Welcome to Wikipedia. Everyone is welcome to contribute to the encyclopedia, but when you add or change content, as you did to the article Degrassi (season 11), please cite a reliable source for the content of your edit. This helps maintain our policy of verifiability. See Wikipedia:Citing sources for how to cite sources, and the welcome page to learn more about contributing to this encyclopedia. Thank you. 117Avenue (talk) 19:17, 25 March 2011 (UTC)[reply]

Tonight Tonight[edit]

Just want to point this out: when you made this update to the article Tonight Tonight (Hot Chelle Rae song), you left the old source up. That source is for the week of July 9th and still shows the song's peak position as #13. When you update sourced information, you can't leave the old source up unless the source has been updated as well. Otherwise it looks like information is sourced when it actually isn't. Do you have a source showing that Tonight Tonight has reached #10?
Thatotherperson (talk/contribs) 17:52, 6 July 2011 (UTC)[reply]

Nevermind; someone else provided a source. Thatotherperson (talk/contribs) 18:58, 6 July 2011 (UTC)[reply]

October 2011[edit]

Welcome to Wikipedia. We welcome and appreciate your contributions, including your edits to Talk That Talk, but we cannot accept original research. Original research also encompasses combining published sources in a way to imply something that none of them explicitly say. Please be prepared to cite a reliable source for all of your contributions. Thank you. Calvin NaNaNaC'mon! 15:41, 14 October 2011 (UTC)[reply]

Please refrain from making unconstructive edits to Wikipedia, as you did at Talk That Talk. Your edits appear to constitute vandalism and have been reverted or removed. If you would like to experiment, please use the sandbox. Thank you. STOP adding that nonsense tracklist. Calvin NaNaNaC'mon! 20:36, 14 October 2011 (UTC)[reply]

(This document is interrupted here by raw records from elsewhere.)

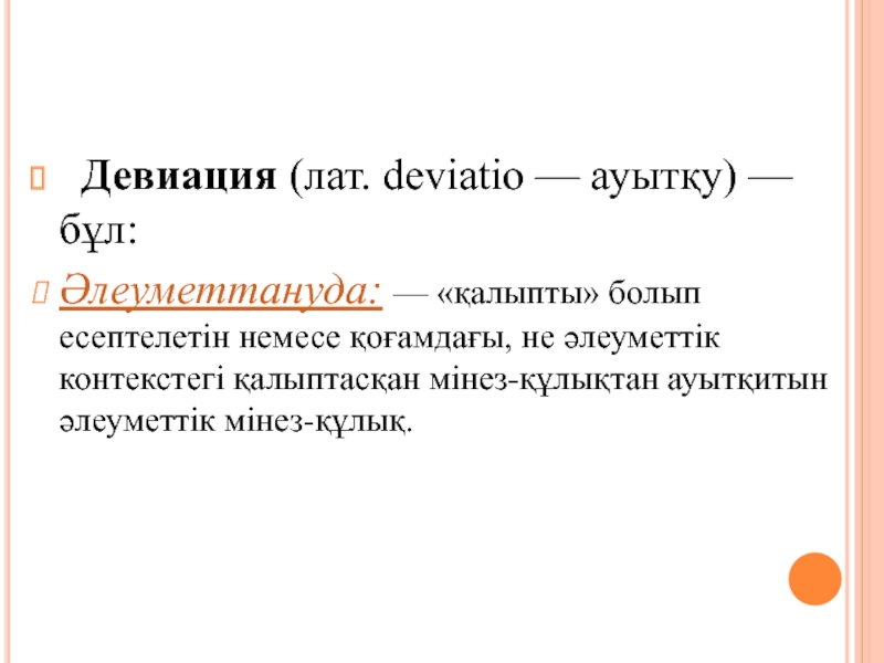 Слайд 3 Девиация (лат. deviatio — ауытқу) — бұл: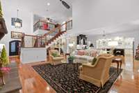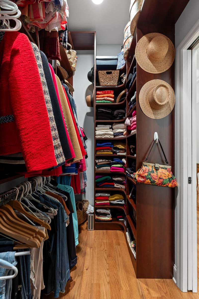 The main- level master suite is a private retreat, offering a luxurious walk- in shower, soaking tub, and custom- designed walk- in closet for exceptional storage. Adjacent to the master, a private office/ library provides a peaceful space for work or relaxation.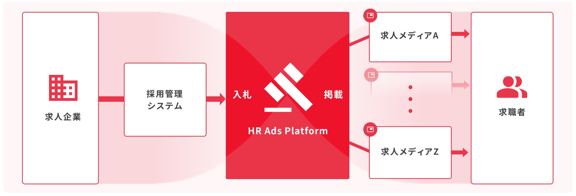 HRアドプラットフォームは多数の求人メディアと連携し、求人を出したい企業と求人を掲載したいメディアをアドテクノロジーでマッチングします。応募課金モデルとなっており、入札時に設定した予算や応募単価によって求人メディアに掲載される際の掲載位置が変動するため、企業側の望んだ単価で応募獲得が可能です。企業はHRアドプラットフォームを利用することで、求人にまつわる業務(掲載求人メディアの選定、求人原稿作成、出稿、応募者管理、効果確認改善など)を一つのサービスで完結できるほか、採用にかかるコストを最適化し、採用担当者の求人業務DX化を推進します。

Thank you for your contributions to Wikipedia. Before saving your changes to an article, please provide an edit summary for your edits. Doing so helps everyone understand the intention of your edit (and prevents legitimate edits from being mistaken for vandalism). It is also helpful to users reading the edit history of the page. Thank you. — JohnFromPinckney (talk) 01:29, 20 October 2011 (UTC)[reply]

Please stop your disruptive editing. If you continue to vandalize Wikipedia, as you did at Rihanna discography, you may be blocked from editing. You have removed references from this one article at least three times now, each time without explanation. I can't guess your reason for the deletion, but these references are necessary to support the claims of the peaks shown in the table. Removing them violates Wikipedia's principal of verifiability. Please don't do this again. And please do start using edit summaries. Thanks. — JohnFromPinckney (talk) 01:37, 20 October 2011 (UTC)[reply]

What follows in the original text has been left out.